One can utilize another Mapping to utilize a Facade Design Pattern to extract specific fields for BrazilP or IndiaP. A mapping between Canonical Data Model and the Country Specific Data Model would expose only the data required by that Company Code.

The above would ease the development challenges, time, enable modularization, minimize downtime due to Interface changes etc.

2. Restart Interfaces - Commit and Rollback

One important challenge during the construction of an Interface is to know when to Roll Back, save the Restore Point and resend the Records. How do you know when and how to fail an Interface?

Let me give an Example. I retrieve 3 records from Success Factors for posting to a SAP CATSDB Time Sheet Custom Interface. First record posted Successfully, Second one failed.As a result, the third record did not process. What is my Recovery Point? How do I set my Logical Unit of Work (LUW) for an Interface?

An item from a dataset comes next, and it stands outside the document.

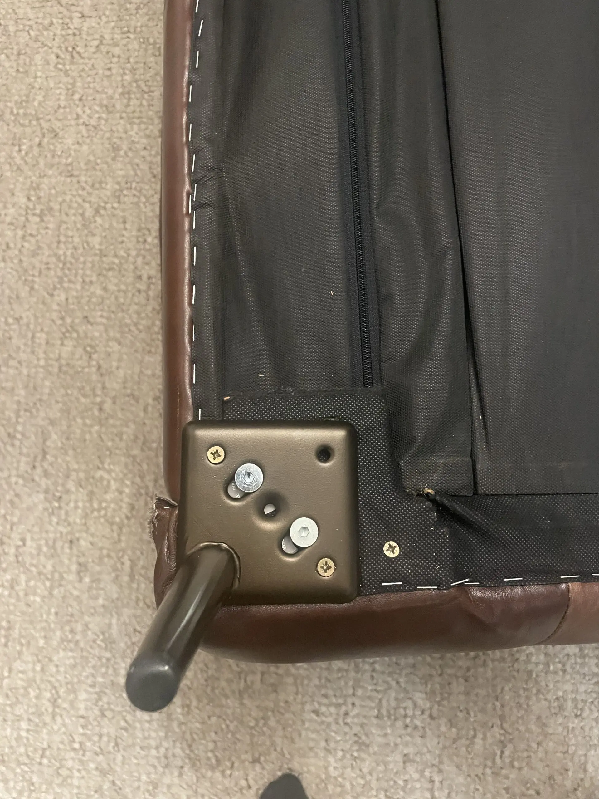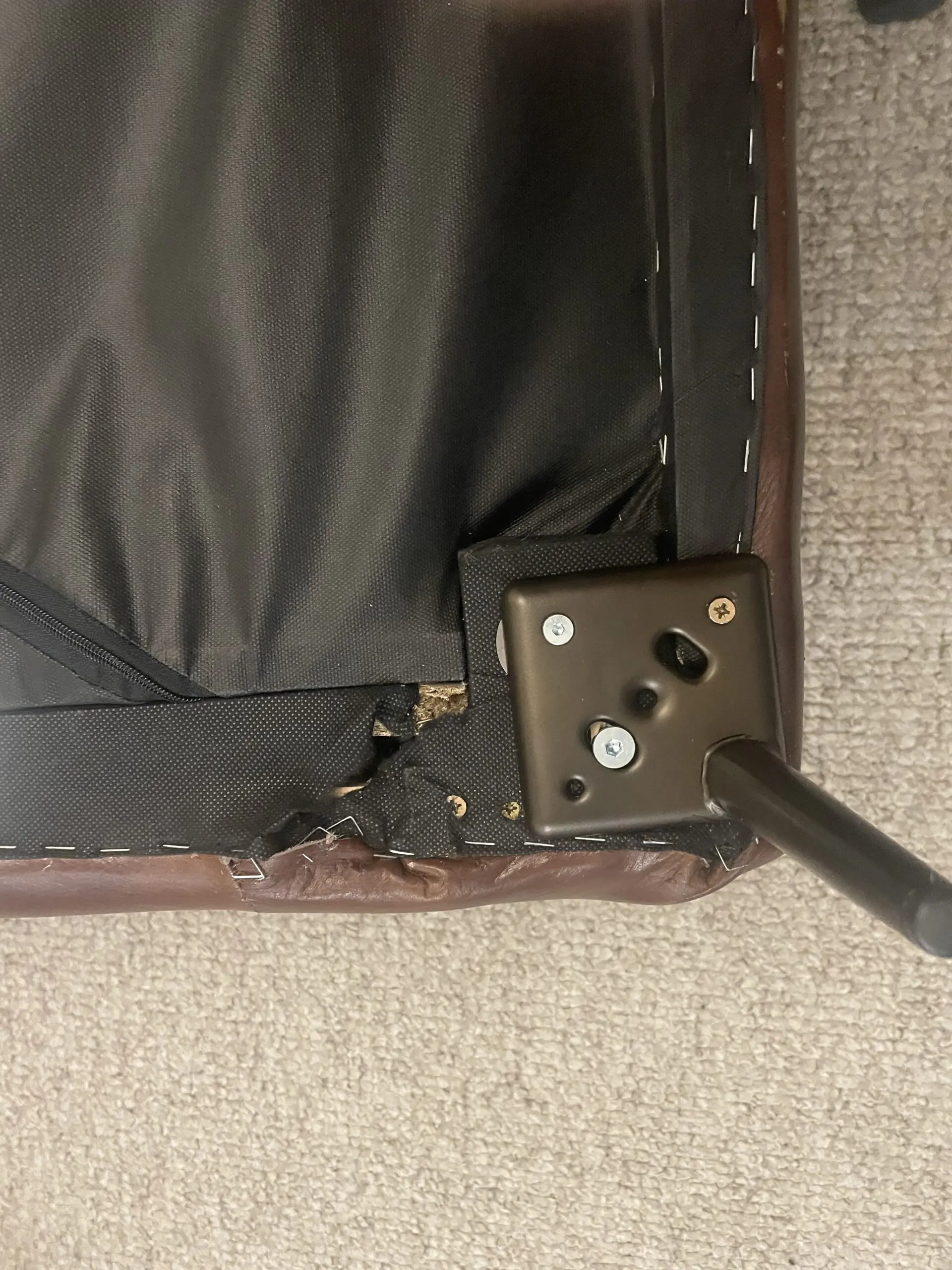 The legs have been fixed by us and sofa is now fine for use but wanted to make potential buyer aware

Compound Employee API is a critical common API used for all Data Transfer Operations in Success Factors. When the API is called, a Snapshot of the Employee is retrieved at that Query Time. There is a Date Time Stamp that comes for each Query as a part of the Payload called execution_timestamp. This is the exact time of retrieval of the Information from the SuccessFactors.

Design should be Simple, Easy to Understand and Maintain. Care should be taken not to Over Design or Over Simplify the Process as well. It should just address the Use Case as well as pass all possible Test Case scenarios.

That being said, in order to arrive at a Restore point, you should first define your LUW. You then save the Execution Time Stamp at the LUW level.

Simple formula to define LUW is sometimes at the Interface Level. Interface Level LUW means, if my Interface fails for any Record, I will Roll Back the whole set as if the Interface never ran. This means, if 1 out of 3 passed and 1 posting was successful, I will re-run for all 3. This is a much easier pattern.

Interface Level LUW (Start Over from the beginning upon Failure)

I will define 2 Process Properties called "Last Execution Time" and "Last Execution Time - Temp". "Last Execution Time" is the only one that I would choose to "Persist across Subsequent Executions" in BOOMI.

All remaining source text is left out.